Exercise prompt: Go through the following data and transcribe exactly the stretch of lines from the one holding "Celana Kulot Wanita" to the one holding "In your command, replace", both included.

Dataset records:

+-------+

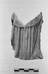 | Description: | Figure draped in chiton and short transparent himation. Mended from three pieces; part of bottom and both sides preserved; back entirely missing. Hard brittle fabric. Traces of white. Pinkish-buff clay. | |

+-------+

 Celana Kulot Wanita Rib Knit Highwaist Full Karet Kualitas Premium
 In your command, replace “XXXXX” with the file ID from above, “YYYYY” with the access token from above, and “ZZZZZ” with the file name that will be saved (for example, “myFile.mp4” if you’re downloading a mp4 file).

+-------+

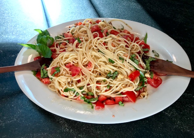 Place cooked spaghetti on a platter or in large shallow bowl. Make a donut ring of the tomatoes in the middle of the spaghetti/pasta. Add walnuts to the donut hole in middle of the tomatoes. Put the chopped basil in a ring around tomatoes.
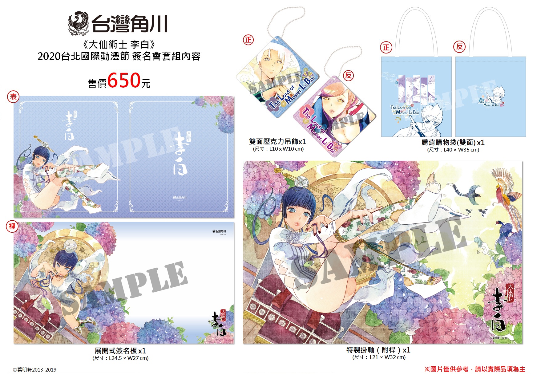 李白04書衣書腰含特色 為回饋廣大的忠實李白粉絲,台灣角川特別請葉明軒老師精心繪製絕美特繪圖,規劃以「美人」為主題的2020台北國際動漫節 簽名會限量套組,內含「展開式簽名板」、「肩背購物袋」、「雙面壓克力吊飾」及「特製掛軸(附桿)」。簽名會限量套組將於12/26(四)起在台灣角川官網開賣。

+-------+

Answer section:
 Celana Kulot Wanita Rib Knit Highwaist Full Karet Kualitas Premium
 In your command, replace “XXXXX” with the file ID from above, “YYYYY” with the access token from above, and “ZZZZZ” with the file name that will be saved (for example, “myFile.mp4” if you’re downloading a mp4 file).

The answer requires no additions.